Halfway to their destination Piper’s rear tire went flat. They took it off, then got out her patch kit to repair the tube. That’s when trouble started. Every male or group of males who drove by in either direction decided to stop and help.
There must have been ten to fifteen guys young and old standing around creating a bottleneck. One truckful of guys was really pushing it. Talk about being chatted up!
Various offers were thrown out to drive them into town. Most of it was said in Italian of course, but Greer didn’t need a translator to get the gist. More guys kept stopping. They were gathering like an army of ants attacking a grain field.
Then suddenly Greer saw Max’s tall, powerful body striding toward her with Nic and Luc not far behind.
Like Moses parting the Red Sea, he rapped out Italian in such a forbidding fashion, the crowd of aggressive males dived for the nearest car or truck and drove off. In that instant, her heart thudded against her rib cage.
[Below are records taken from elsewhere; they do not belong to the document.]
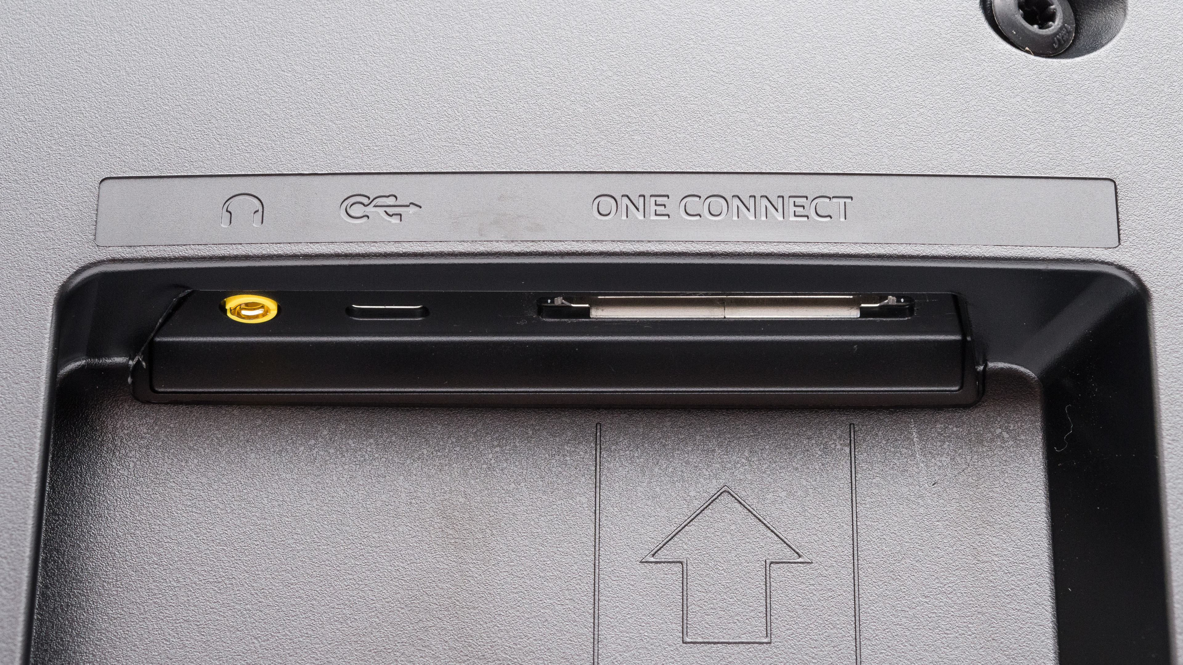 All the inputs are housed in the One Connect box. You connect it to the monitor using a single cable, and the input is in the back of the monitor, as you can see here. The monitor also has a USB-C port for a webcam and an audio output.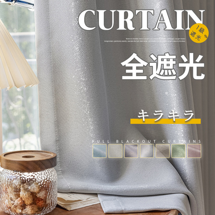 6色展開 遮光カーテン キラキラ 光沢感 北欧 遮光1級 節電対策 遮熱保温 遮音ドレープカーテン 2倍ヒダ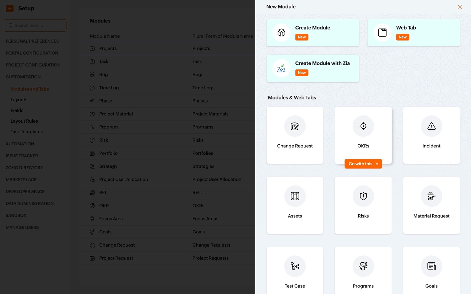 Zia will soon be able to help you create projects. All you need is to do is upload your business requirement document (BRD), and it will deliver an all-encompassing project in no time. This functionality also extends to custom modules.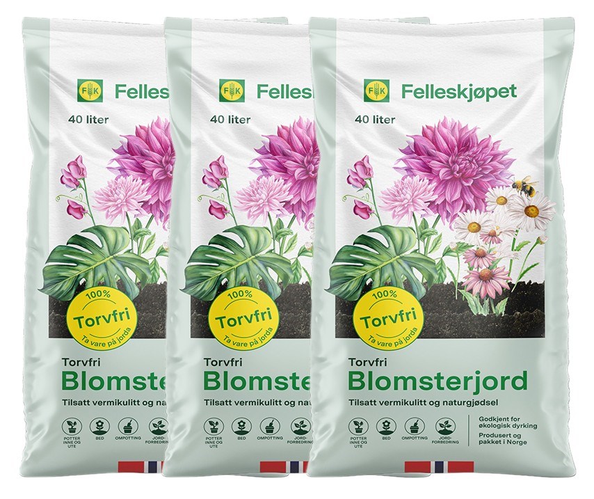 Felleskjøpets Torvfri Blomsterjord er beriket med vermikulitt, og er spesielt designet for blomster og grønne planter i potter, krukker og bed. Vermikulitt absorberer fuktighet og gjør at jorden holder seg fuktig over tid. Jorden er egnet for både innendørs og utendørs dyrking av en bred variasjon av planter, og er godkjent for økologisk produksjon.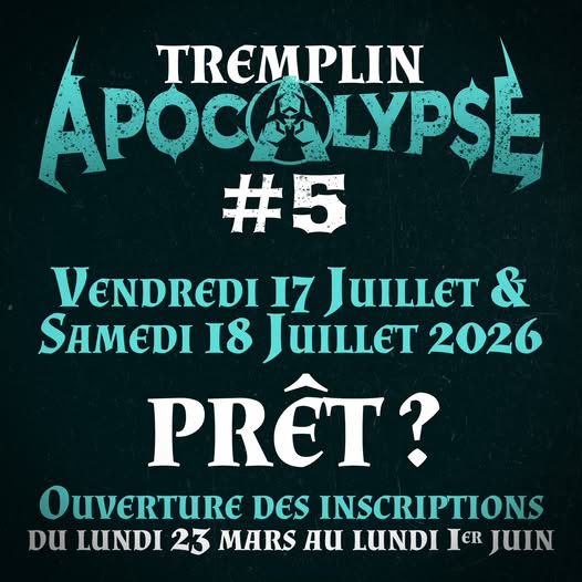 ⚡ Les inscriptions au tremplin de l’Apocalypse Metal Fest arrivent le lundi 23 mars!

He picked up her bike with one hand like it was a toothpick. “Luc must not have drawn you an accurate map.”
“On the contrary. It was marvelously detailed. A child could have found its way. However we decided the Grand Prix was overrated and thought why not see Switzerland instead to avoid the crowds.”
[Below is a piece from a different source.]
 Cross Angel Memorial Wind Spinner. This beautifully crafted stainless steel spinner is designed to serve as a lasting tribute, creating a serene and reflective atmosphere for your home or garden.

“Since this is your first time in Europe, you had no way of knowing you can’t go anywhere in summer without bumping into a crowd. Or creating one…” he added in his low, velvety voice.
“I’d like my bike back.”
He’d started walking toward the Fiat with it. “All in good time, signorina,” he announced after he’d put it in the rack on top of the car.
“You have no right to follow us and commandeer our transportation.”
When his black eyes flashed right then, she felt the same authority emanating from him that had intimidated the crowd and sent his poor countrymen running for cover.
“Not only is your safety our top priority, we have a responsibility to Fabio Moretti who lent us his boat and his car for our undercover work. Though you didn’t realize your Husband Fund escapade would involve you in the center of an international criminal investigation, you no longer have the luxury of throwing caution to the wind.
“If you were to meet up with some unscrupulous men who wouldn’t let anything stand in the way of taking what they want, or worse…” He paused for emphasis. “Fabio could ultimately be the one held liable for something that wasn’t his fault. And all because you entered into a contract with him.”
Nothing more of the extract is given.